Большой Руси нужен мудрый хозяин.
И монахиня тихо вздохнула, принялась вновь за вязание; изредка поглядывала на Катерину с затаенным интересом, замечая в ее лице желание продолжить разговор.
Как твое имя, дочка? – спросила она.
Катя.
Катерина, – монахиня помолчала. – Хорошее имя. У сестры моей дочь тоже назвали Катериной. Но пожила она не много – три месяца с рождения. Померла… Царство ей небесное.
Она перекрестилась и поклонилась в сторону окна.
При упоминании о ребенке в сознании Беловой вновь возникли прежние тяжелые видения… Ей захотелось перекреститься подобно монахине, но неумение и вместе с тем смущение мешали ей. Катерина низко опустила голову, пряча взгляд.
Монахиня, заметив в ней резкую перемену настроения, сочувствующе сказала:
Не мучайся так, Катя. Расскажи мне, что тревожит тебя? Ты почувствуешь, что на душе станет легче.
Катерина ждала, что монахиня спросит ее об этом; она очень хотела рассказать ей о своем грехе.
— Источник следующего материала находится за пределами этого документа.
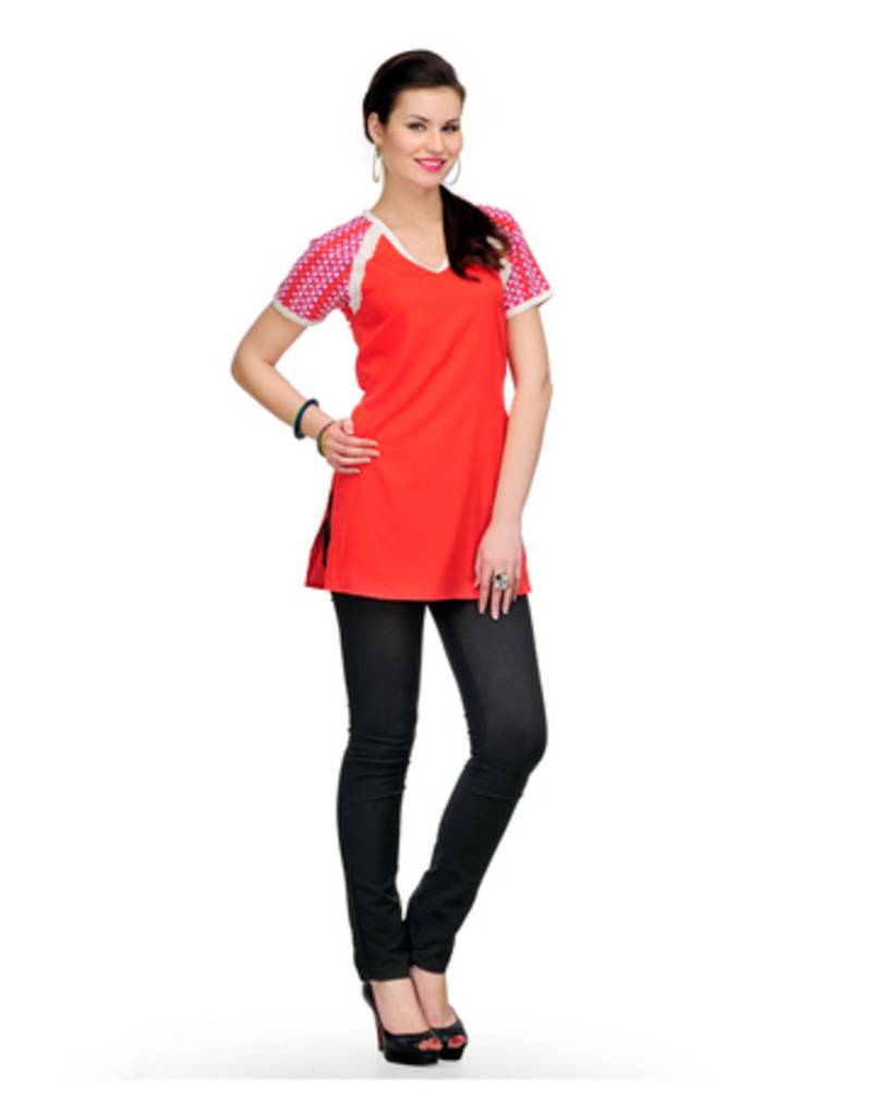 | Product Description | Product – Women''s Kurti Color – Orange Pattern And Fit Contrast Printed Kurti With Ecru Piping At Armhole And Sleeves Hem. Regular Fit Neck & Sleeves V Neck With Raglan Sleeves Fabric – Polyester & Crepe Care Machine/Hand Wash Style Tip Project Awesomeness By Pairing This With Yepme Leggings. |

Но теперь, когда монахиня готова была выслушать ее, боязнь не давала говорить. Ведь сказать о том, как она расправилась со своим ребенком, – страшно! Да и простит ли ее Бог после раскаяния? «Эта монахиня ближе к Богу, я должна рассказать ей, должна!».
Катерина, никогда раньше не вспоминавшая о Боге и не верившая в него, теперь пыталась убедить себя что бог есть, он существует, невидимый и неосязаемый… Он следит за жизнью людей и выносит им свои приговоры: одним – болезни или смерть за грехи земные, другим – радости и счастье за чистые души. В Катерине обострилось чувство вины, и она готова была молиться и верить в божью милость, лишь бы он простил ее страшный грех. Ведь он видел все той ночью, это он вселил в нее душевную не проходящую боль и ожидает теперь искреннего раскаяния.
Не бойся, дочка, поведай, – повторила монахиня.
Это страшный грех мне трудно, – произнесла Катерина.
Она всем сердцем желала верить в то, что, рассказав монахине об ужасах морозной ночи, она облегчит свою душу, но страх сейчас был сильней…
А ты наберись смелости, – помогала монахиня, – и поведай обо всем с самого начала. Так легче перейти к главному.
Катерина склонила над столом голову, и пышные волосы ее рассыпались вниз.
Раньше я жила в деревне под Новгородом, – начала она, – жила вместе с отцом и матерью. Они работают в совхозе. Там, в деревне, я закончила восемь классов и поехала в Ленинград поступать в хореографическое училище, но не прошла по конкурсу. А танцевать так хотелось! Еще учась в школе, часто мечтала стать известной балериной. И в деревне по глупости всем разболтала, что непременно стану известной. Но, видать, не судьба, полтора балла не набрала, не приняли…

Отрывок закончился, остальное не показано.